Whose gonna pull the trigger on beryllium oxide mounting packages first?
Its the holy grail of having thermal conductivity somewhere between aluminum and copper, while being as electrically insulating as ceramic. You can put the silicon die directly on it.
Problem is that the dust from it is terrifyingly toxic, but in it's finished form it's "safe to handle".
> Whose gonna pull the trigger on beryllium oxide mounting packages first?
Nobody, presumably :)
Why mess with BeO when there is AlN, with higher thermal conductivity, no supply limitations and no toxicity?
Edit: I've just checked, practically available AlN substrates still seem to lag behind BeO in terms of thermal conductivity.
https://en.wikipedia.org/wiki/Aluminium_nitride For anyone else who wasn't familiar with the compound.
""" Aluminium nitride (AlN) is a solid nitride of aluminium. It has a high thermal conductivity of up to 321 W/(m·K)[5] and is an electrical insulator. Its wurtzite phase (w-AlN) has a band gap of ~6 eV at room temperature and has a potential application in optoelectronics operating at deep ultraviolet frequencies.
...
Manufacture
AlN is synthesized by the carbothermal reduction of aluminium oxide in the presence of gaseous nitrogen or ammonia or by direct nitridation of aluminium.[22] The use of sintering aids, such as Y2O3 or CaO, and hot pressing is required to produce a dense technical-grade material.[citation needed] Applications
Epitaxially grown thin film crystalline aluminium nitride is used for surface acoustic wave sensors (SAWs) deposited on silicon wafers because of AlN's piezoelectric properties. Recent advancements in material science have permitted the deposition of piezoelectric AlN films on polymeric substrates, thus enabling the development of flexible SAW devices.[23] One application is an RF filter, widely used in mobile phones,[24] which is called a thin-film bulk acoustic resonator (FBAR). This is a MEMS device that uses aluminium nitride sandwiched between two metal layers.[25] """
Speculation: it's present use suggests that at commercially viable quantities it might be challenging to use as a thermal interface compound. I've also never previously considered the capacitive properties of packaging components and realize of course that's required. Use of Al O as a heat conductor is so far outside of my expertise...
Could a materials expert elaborate how viable / expensive this compound is for the rest of us?
I'm not much of an expert, but maybe this can be useful: AlN is a somewhat widely used insulating substrate that is chosen where sapphire is insufficient (~40 W/mK), but BeO (~300 W/mK) is too expensive or toxic. The intrinsic conductivity of single-crystal AlN is very high (~320 W/mK), but the material is extremely difficult to grow into large single crystals, so sintered substrates are used instead. This reduces thermal conductivity to 170-230 W/mK depending on grade. Can't comment on pricing though.

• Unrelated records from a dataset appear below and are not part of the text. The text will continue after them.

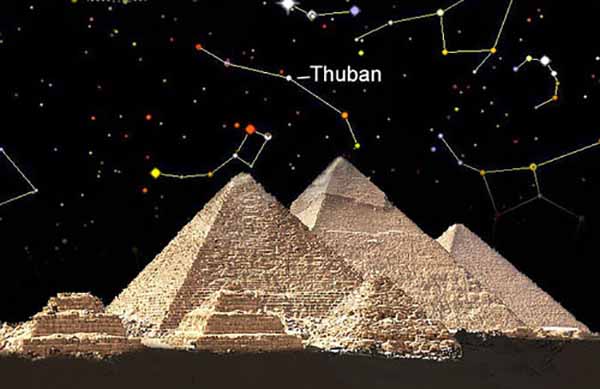 The Pyramids on the Giza Plateau were designed to have one side facing north, with an entrance passage geometrically aligned so that Thuban would be visible at night. At the time the Great Pyramid was built (set in place), one of the shafts aimed toward the star that was then closest to the north celestial pole. The other aimed at the Belt of Orion one of the brightest and most impressive constellations.
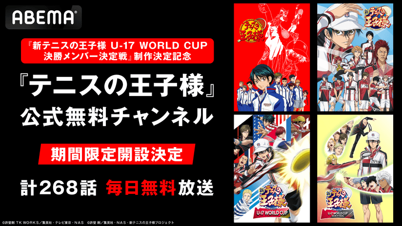 『新テニスの王子様』新シリーズの制作決定を記念し、 『テニスの王子様』公式無料チャンネルが「ABEMA」に初開設 『テニスの王子様』&『新テニスの王子様』シリーズ、OVAまで “計268話”を10月27日(月)から毎日順次無料放送
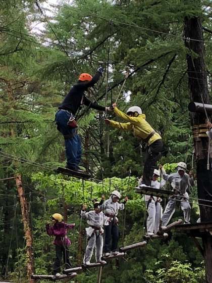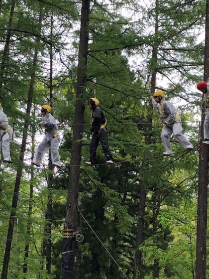 インストラクターから説明を受け、それぞれハイエレメント、ローエレメントに分かれて挑戦します。
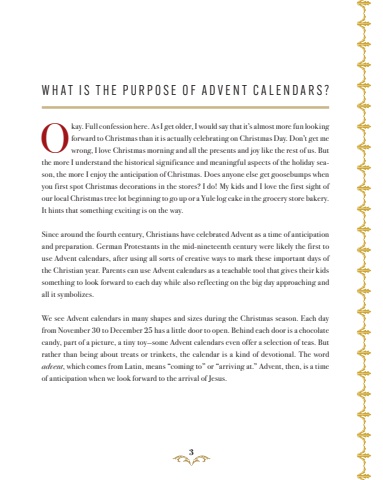 WHAT IS THE PURPOSE OF ADVENT CALENDARS?Okay. Full confession here. As I get older, I would say that it%u2019s almost more fun looking forward to Christmas than it is actually celebrating on Christmas Day. Don%u2019t get me wrong, I love Christmas morning and all the presents and joy like the rest of us. But the more I understand the historical significance and meaningful aspects of the holiday season, the more I enjoy the anticipation of Christmas. Does anyone else get goosebumps when you first spot Christmas decorations in the stores? I do! My kids and I love the first sight of our local Christmas tree lot beginning to go up or a Yule log cake in the grocery store bakery. It hints that something exciting is on the way. Since around the fourth century, Christians have celebrated Advent as a time of anticipation and preparation. German Protestants in the mid-nineteenth century were likely the first to use Advent calendars, after using all sorts of creative ways to mark these important days of the Christian year. Parents can use Advent calendars as a teachable tool that gives their kids something to look forward to each day while also ref lecting on the big day approaching and all it symbolizes. We see Advent calendars in many shapes and sizes during the Christmas season. Each day from November 30 to December 25 has a little door to open. Behind each door is a chocolate candy, part of a picture, a tiny toy%u2014some Advent calendars even offer a selection of teas. But rather than being about treats or trinkets, the calendar is a kind of devotional. The word advent, which comes from Latin, means %u201ccoming to%u201d or %u201carriving at.%u201d Advent, then, is a time of anticipation when we look forward to the arrival of Jesus.3

I think diamond is even more thermally conductive than either. A quick google finds a number of companies working on silicon-on-diamond.
Most packages with beryllium oxide have been abandoned long ago, beryllia being replaced with aluminum nitride.
Because aluminum nitride is not as good as beryllia, packages with beryllia have survived for some special applications, like military, aerospace or transistors for high-power radio transmitters.
Those packages are not dangerous, unless someone attempts to grind them, but their high price (caused by the difficult manufacturing techniques required to avoid health risks, and also by the rarity of beryllium) discourages their use in any other domains.
> Problem is that the dust from it is terrifyingly toxic, but in it's finished form it's "safe to handle".
Doesn't that mean it would be problematic for electronics recycling?
I don't think toxicity levels on compounds used in electronics has even been a stopper for furthering humanity
I know it is an hyperbole. First thing I thought was: Cadmium, Mercury, Lead and CFC. I was slightly annoyed about Cd and Hg
Or getting berylliosis from putting a drill through your electronic device before throwing it out
Won't you have conductivity issues if the oxide layer is damaged?